The most remarkable thing about Iceland has nothing to do with road coverage, national dishes or ludicrous linguistic whimsy as Icelandair were nodding along in their in flight promo. Sure enough, by the time you land you are prepared for something like an Arctic Australia. An echoing landscape filled with listless acres waiting to  welcome you with its gratuitous eccentricities and a meaty handshake. Not an accurate likeness exactly.  Not in its seasons and sunlight nor in the all year round yearning for icecream and liquorice is it most remarkable. It is anything to do with its petrol stations. It is in how subtly and inexplicably different a place it is from anywhere else that makes it remarkable.

And the effects are felt!
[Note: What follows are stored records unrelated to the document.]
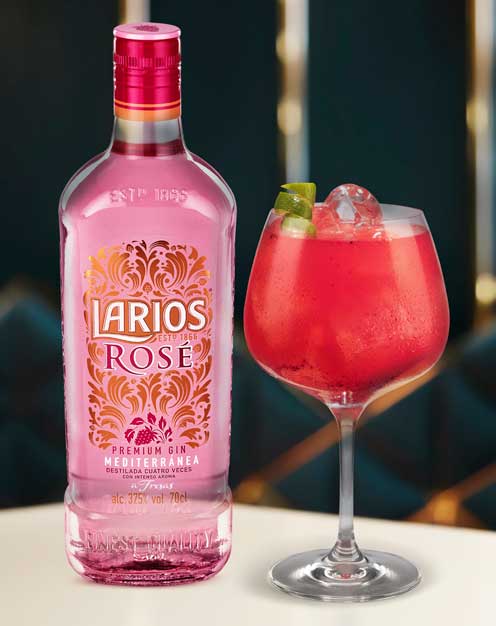 2.- Una vez descartada el agua sobrante, servir Larios Rosé y resto de ingredientes.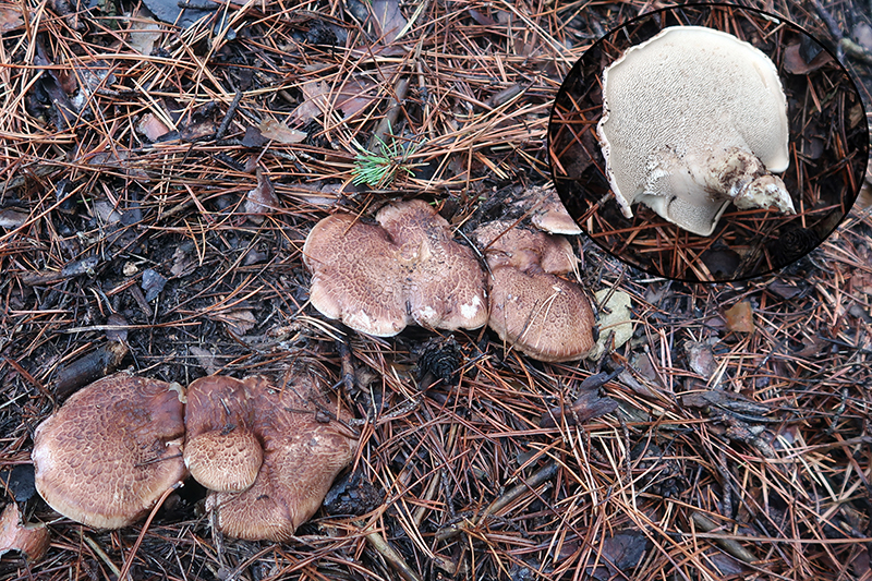 Muy abundante y bajo Pinus pinaster, el que antaño teníamos como Sarcodon imbricatus, y que parece ser que le debemos llamar como Sarcodon squamosus.
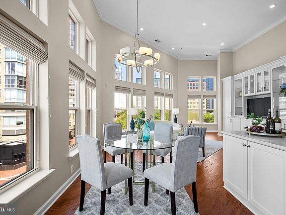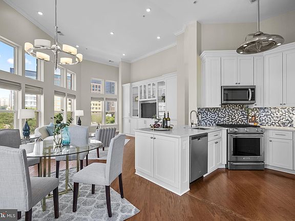 Now Presenting this Freshly Painted Largest Floor Plan 1,493 Sq. Ft. Penthouse Level and Fully Renovated 2 Bedroom / 2 Bathroom Condo with Den that includes Sixteen Foot Ceilings and THREE Dedicated Underground Garage Parking Spaces in Market Street at Town Center Condo building in the heart of the Reston Town Center. Upon entry to the condo, you are greeted by high ceilings, modern light fixtures, coat closet and extended tile foyer that leads to Rotunda passthrough. On each side of the Rotunda passthrough are two bedrooms with refinished hardwood flooring, large walk-in closets and modern ceiling fans. Primary bedroom includes fully renovated primary bathroom with modern step-in shower, expansive white cabinets and upgraded counters. Second fully renovated bathroom off second bedroom includes granite counters, tub/shower combo, tile shower and in unit washer/dryer closet with extra storage. Proceeding into the living space, the condo boasts a fully open concept living, dining and kitchen area also with refinished hardwoods that includes added recessed lighting and floor to ceiling windows that overlook the exciting bright lights, restaurants and parks at the Reston Town Center. Kitchen has been fully renovated with extended white cabinets, stainless appliances, honeycomb tile backsplash, custom storage/pantry space and quartz counters, including on the large kitchen island that overlooks the the aforementioned open concept floor plan. The living area includes additional upgraded storage in the showcased and expansive custom built-ins. Off the living room is a den with closet, that could be used as an office, nursery or third bedroom. HVAC was replaced in 2023. This property is right in the middle of all of the action at the Town Center, is steps to Metro, a Capital Bikeshare Station, is nearby the RTC West expansion project and within close proximity to Dulles Airport. Do not miss this opportunity!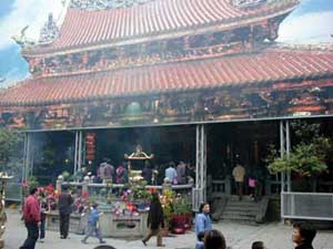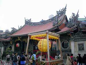 龍山寺の正面でタクシーを降りて中に入ると何となく浅草の浅草寺と似たような雰囲気だ。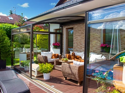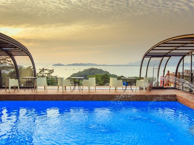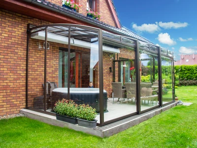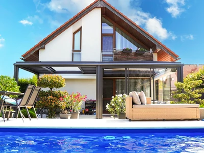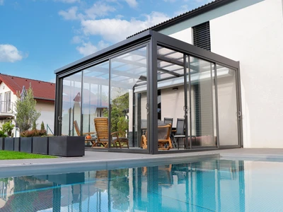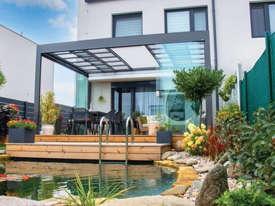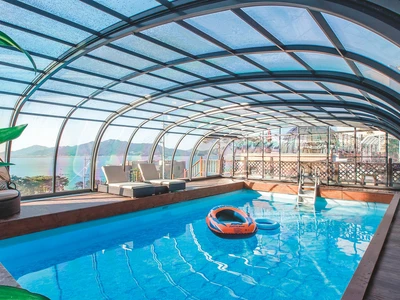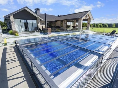 Die Poolüberdachung VIVA™ von Alukov ist eine flache Lösung mit Einzelschienen-System, das barrierefreien Zugang von drei Seiten ermöglicht. Dieses moderne Design schützt den Pool vor Schmutz, beschleunigt das Aufheizen des Wassers und hält die Temperatur über Nacht konstant.

When people talk about Iceland they can't help but draw comparisons to other places. Its like a Scandinavian chimney! Its like a ground-floor America! Its a really hard place to figure out. Its modern but dated, large and very small. Its familiar and hugely unfamiliar, magnificently remarkable yet perfectly dull. It is after all, a way of life. And it is contagious.

Maybe because i was on holiday i will admit. Having the longest hours of the day to squander away at leisure. The sun never set but just did golden laps of the mountain tops.  Bookshops with cafes that allow infinite swagger as you read their books cover to cover.  Infernally portioned ice cream, any time of day, with pretty much any coating you can care for.  Sights, sounds (or the absence of sometimes) and the air. With hidden boutiques and shops in Reykjavik existing as an exhibition in themselves, selling the fruits of the maddened  craftsmen and women of the country. The national slogan could literally be "BIG on creativity, SMALL...on population." People are up for it, ill put it that way. There seems to be more museums, theatres, music schools and performance centres than administration buildings. What is acutely obvious is that all this modernised luxury is new and exists within a very old civilization, itself unchanging for generations, who had it very, very tough and got very good at taking nothing for granted. Being cheek and jowl with an old culture was the right measure of humbling and recharging.

And lo the photos!  Me and Sola were in no shortage of company and fun. There were lunches and coffees and daytrips galore and, im quite pleased to say, i recorded most of it on film (still in the lab though). Tourism can be a trial enough when you are surrounded by cameras and you too want to take photos. There is a deflation seeing 4 other people hold their camera up to the same scene and there is that sheepdog instinct to want to crop them out, "preserve" the attractions.  Well there was none of that this time!




















And i would be greatly overselling myself if i didnt mention my sidekick.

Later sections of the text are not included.